Effect kinds: Io, State, Exception, Spawn, Extern. When no ! annotation is present, effects are inferred from the body.

Type annotations

Every parameter must have a type annotation. Return types are declared after ->:

fn process(name: String, count: Int) -> String = name <> "!"

Polymorphic functions use type variables (bare capitalized identifiers):

fn identity(x: T) -> T = x
fn apply(f: A -> B, x: A) -> B = f(x)

Keywords

Reserved words in Cure:

fn, mod, rec, fsm, proto, impl, type, let, if, then, else, elif, match, when, where, local, use, return, throw, try, catch, finally, for, in, true, false, nil, and, or, not

Comments

Single-line comments start with #:

# This is a comment
fn add(a: Int, b: Int) -> Int = a + b  # inline comment

Doc comments start with ## and are attached to the following definition. They are extracted by cure doc to generate HTML documentation:

## Returns the absolute value of an integer.
##
## Examples:
##   abs(-5)  # => 5
fn abs(x: Int) -> Int
  | x when x >= 0 -> x
  | x -> -x

Operators

Ordered from lowest to highest precedence:

Precedence Operator(s) Associativity Description
1 |> left pipe
2 or left boolean or
3 and left boolean and
4 == != < > <= >= non-assoc comparison
5 .. ..= non-assoc range (exclusive, inclusive)
6 <> right string concatenation
7 + - left additive
8 * / % left multiplicative
9 - not prefix unary negation, boolean not
10 . left field access

Examples:

# Pipe chains
5 |> double |> add(1)
# desugars to: add(double(5), 1)

# Boolean
x > 0 and x < 100 or x == -1

# String concat
"hello" <> " " <> "world"

# Range
1..10
0..=255

# Field access
point.x + point.y

Literals

Integers

42
0xFF
0b1010
1_000_000

Floats

3.14
0.001

Strings

Double-quoted, with interpolation via #{}:

"hello"
"hello #{name}"
"result: #{compute(42)}"

Booleans

true
false

Atoms

Prefixed with ::

:ok
:error
:my_atom

Nil

nil

Chars

Single-quoted:

'a'
'Z'

Lists

[1, 2, 3]
["a", "b", "c"]
[]

Cons syntax for head/tail decomposition:

[h | t]
[1, 2 | rest]

Tuples

Prefixed with %:

%[1, "hello"]
%[x, y, z]

Maps

Prefixed with %:

%{name: "Alice", age: 30}
%{key: value}

Let bindings

Introduce local variables with let:

fn compute(x: Int) -> Int =
  let doubled = x * 2
  let offset = 10
  doubled + offset

let bindings are immutable.
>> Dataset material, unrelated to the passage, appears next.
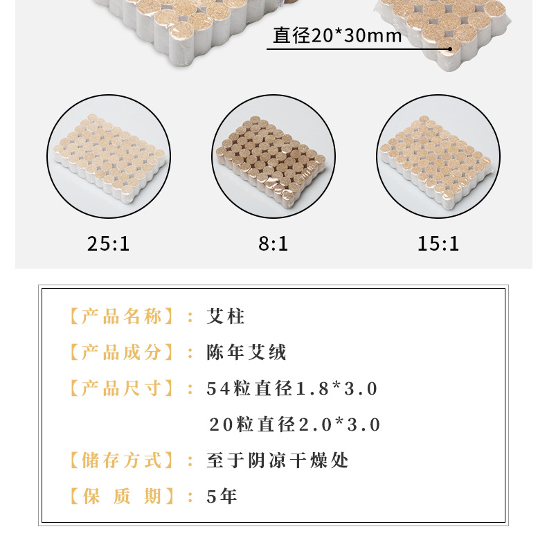 • 노란 피부 15:1 moxa 열 20 곡물 (직경 2cm)

Each let introduces a new binding; there is no reassignment.

If / then / else

if is an expression and always produces a value:

fn abs(x: Int) -> Int = if x > 0 then x else 0 - x

fn sign(x: Int) -> String =
  if x > 0 then "positive"
  elif x < 0 then "negative"
  else "zero"

Both branches must be present when the result is used. elif chains multiple conditions.

Match expressions

Pattern match on values with match:

fn unwrap(opt: Option(Int)) -> Int =
  match opt
    Some(v) -> v
    None() -> 0

fn describe_list(xs: List(Int)) -> String =
  match xs
    [] -> "empty"
    [h | t] -> "starts with " <> Std.String.from_int(h)
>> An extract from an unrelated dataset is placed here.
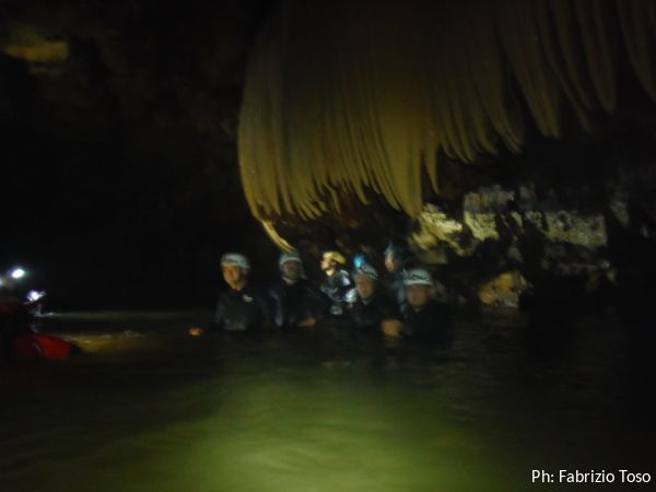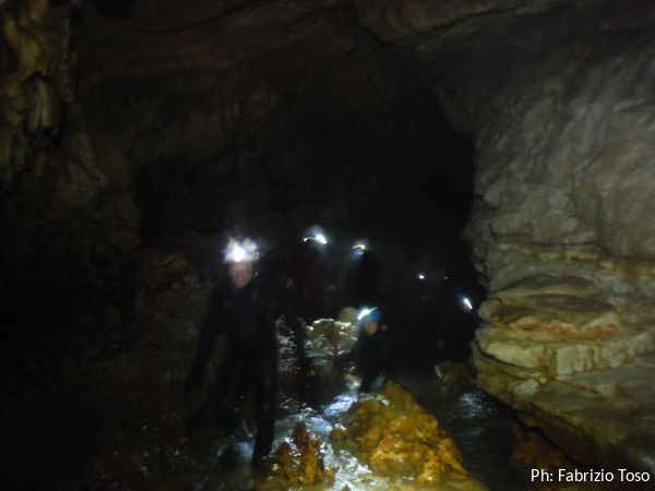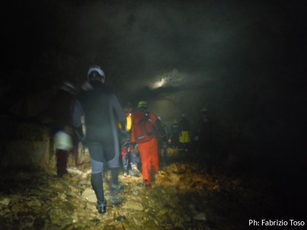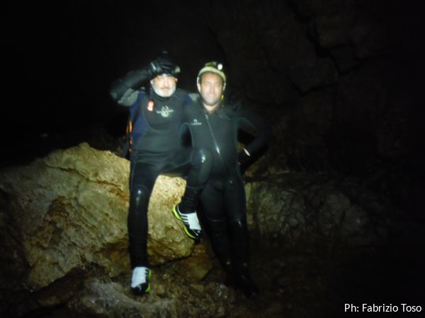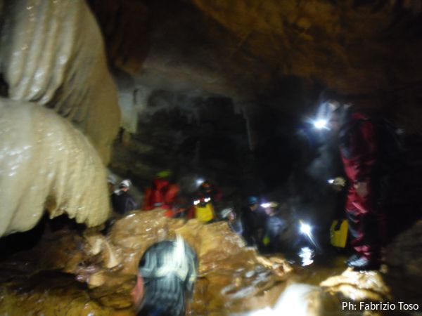 Mentre mi vesto cercando di non sciogliermi, il posto si popola. Ci sono tanti ex-allievi dell’ultimo corso SCR, li rivedo volentieri…anche se parecchia acqua dovra’ passare per la grotta prima che ne ricordi i nomi.

fn handle(r: Result(Int, String)) -> Int =
  match r
    Ok(v) -> v
    Error(_) -> -1

The compiler checks pattern exhaustiveness – missing cases produce warnings.

Pipe operator

The pipe operator |> passes the result of the left expression as the first argument to the function on the right:

fn process(xs: List(Int)) -> Int =
  xs
  |> Std.List.filter(fn(x) -> x > 0)
  |> Std.List.map(fn(x) -> x * 2)
  |> Std.List.sum()

ADTs (algebraic data types)

Define sum types with type:

type Color = Red | Green | Blue

type Option(T) = Some(T) | None

type Result(T, E) = Ok(T) | Error(E)

type Shape = Circle(Float) | Rectangle(Float, Float) | Point

Use constructors as regular functions:

fn wrap(x: Int) -> Option(Int) = Some(x)
fn nothing() -> Option(Int) = None()
fn make_color() -> Color = Red()

fn safe_divide(a: Int, b: Int) -> Result(Int, String) =
  if b == 0 then Error("division by zero") else Ok(a / b)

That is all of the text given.